Düşünce ve Kuram Dergisi

Modernist Kurgu ve Üretilmiş Yaşamlar

 Osman Kılavuz

Aydınlanma esinli modernizmin temel iddiasına göre hurafelerin, batıl inançların, cehaletin, her şeyin belirleyicisi olan tanrısal hâkimiyetin hüküm sürdürdüğü bir dünyanın yıkılıp bozulmasıyla yerine gelecek olan akıl yasalarının hâkim olduğu bir dünya tasavvurunda insanlık karanlıklardan aydınlıklara taşırılabilecektir. O nedenle de eskiye ait değerlerin kategorik olarak reddi gerekiyordu. Zira eskinin tutulacak bir tarafı kalmamıştı. Geleceğin geçer akçe olduğu dönemlerde ne kadar köklü ve hızlı bir kopuş yaşanırsa aklın yol göstericiliğinde ilerleyebilme fikri bir o kadar mümkün olabilecekti. Bu ilerleme fikri yolunda, nesnelliği yakın olan karakteri nedeniyle bilime daha çok şans tanınırken, felsefe ise taşıdığı belirsizlik özellikleri dolayısıyla gözden düşmeyi yaşayacaktı. Bilim ve felsefe arasında süregelen rekabetin, kapitalizmin gelişim sürecini belirleyecek şekilde felsefenin amaçlarının hilafına son bulması ve bilimin mutlak egemenliğinin ilanı, modern hâkimiyet ideolojisinin ölümcül ağlarını yaşamın olduğu her yere örebilmesinin koşullarının kendiliğinden hazırlamış olacaktı.
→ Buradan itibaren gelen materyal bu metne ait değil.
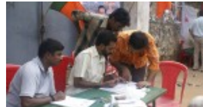
Indian elections: is corruption really top of the agenda?

Bir başka besleyici kaynak olarak ise iyinin mutluluğu, dolayısıyla hazza eşit olduğunu savunan Bentham ve J.S.Mill’in geliştirdiği yararcılık denilen ahlaki öğretinin katkısının da bu sürece dâhil edilmesi gerekiyor. Hedonizm’in modern bir uyarlaması sayılabilecek bu öğretiye göre iyi mutluluk (haz) veren ve ondan yoksun olandır. Kapitalizmin ahlak anlayışına dönüşen bu öğreti, aynı zamanda kapitalist piyasa teorisi ile uygun bir kavramsal örtüşmeyi de yaşayacaktır. Genel eleştiriye göre etiğe, fayda-zarar hesaplaması ile yaklaşması onu piyasa teorisi ile aynı amaçlara bağlamıştır. Oysaki en yüksek hazzı yaşamanın bir sınırı yoktur. En fazla sayıda insanın mutluluğu geriye kalan mutlu olmayanların aleyhine sonuçlar doğurması kaçınılmazdır.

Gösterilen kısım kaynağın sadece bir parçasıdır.